2023: Asger Jakobsen
Asger Jakobsen studied medicine at the University of Cambridge, before moving to Oxford for clinical school where he graduated in 2014. During clinical school and in his subsequent work as a foundation doctor he developed a strong interest in haematology, and particularly the development of blood cancers.
He joined the MRC Weatherall Institute of Molecular Medicine (WIMM) in 2016 as an NIHR Clinical Research Career Development Fellow in Paresh Vyas' group, where he began working on a project to understand how mutations lead to pre-leukaemic clonal expansion in older age. In 2017, he was awarded an MRC Clinical Research Training Fellowship, joint-funded by Leuka (now Leukaemia UK), enabling him to continue this work as a DPhil student.
For his DPhil, he decided to focus on the question of how pre-leukaemic mutations that arise in blood stem cells lead to a growth advantage, resulting in clonal expansion over time. In 2014, it was discovered that such mutations are commonly found in healthy older people and predispose to the development of blood cancers, as well as other adverse outcomes including cardiovascular disease and severe infection. Most mutations occur in just two genes, called DNMT3A and TET2, which regulate DNA methylation, an epigenetic mark involved in switching genes on and off. This condition, known as age-related clonal haematopoiesis, may be present for many years before the development of cancer and therefore makes it possible to identify individuals who are at risk and potentially intervene early before the onset of disease.

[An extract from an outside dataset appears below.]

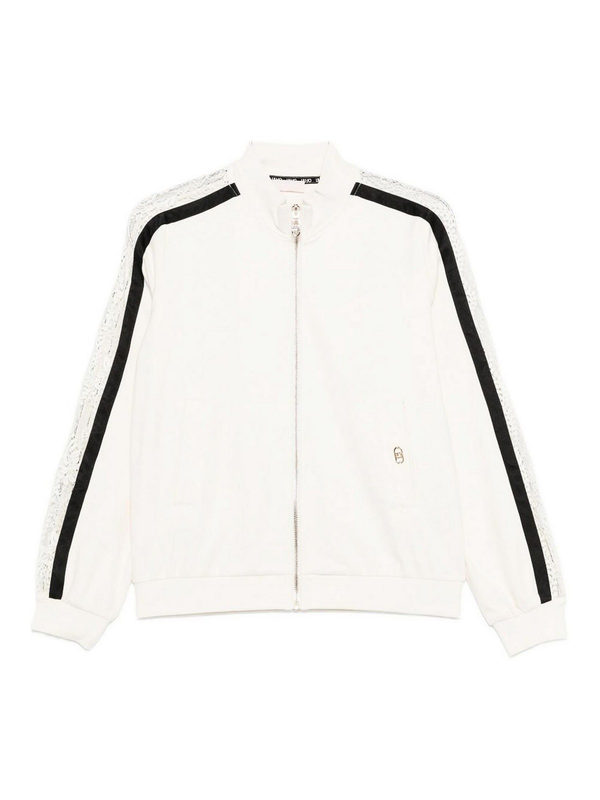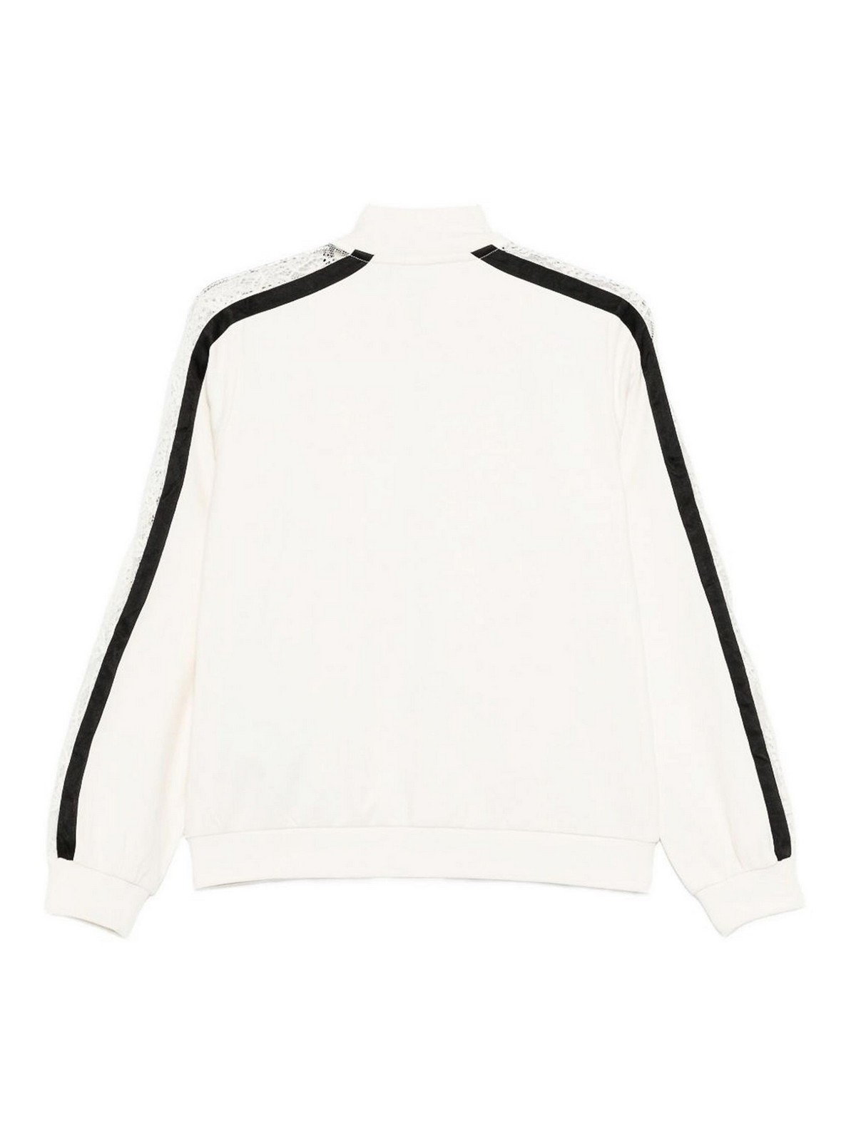Épaules en dentelle écrue, rayures latérales noires, fermeture éclair, manches longues, poignets côtelés

Previous work had shown that DNMT3A and TET2 mutations confer a selective advantage but was unclear how they affect the human blood system and why they lead to clonal expansion. To provide a foundation for understanding this, Asger decided to study clonal haematopoiesis in humans. This required bone marrow samples from healthy people, so he established a study, called the MARCH Study, in collaboration with teams at the Nuffield Department of Orthopaedics, Rheumatology and Musculoskeletal Science (NDORMS) and the Nuffield Orthopaedic Centre to collect bone marrow and blood samples from over 200 individuals undergoing hip replacement surgery. This enabled him to identify individuals with clonal haematopoiesis and study the consequences of mutations on blood production.
Using a method for analysing how mutations change gene expression at the single-cell level (TARGET-seq+), Asger and his colleagues were able to show that clones with DNMT3A and TET2 mutations have distinct patterns of clonal expansion. Nonetheless, most clonal expansion occurs at the level of haematopoietic stem cells (HSC). They found that expression of inflammatory and ageing genes was increased in individuals with clonal haematopoiesis compared normal individuals. However, stem cells with the mutation appear to be less affected differently by inflammation than cells without the mutation. This supports a model whereby clones are gradually selected because they are more resistant to the deleterious impact of inflammation and ageing. This work is currently in revision.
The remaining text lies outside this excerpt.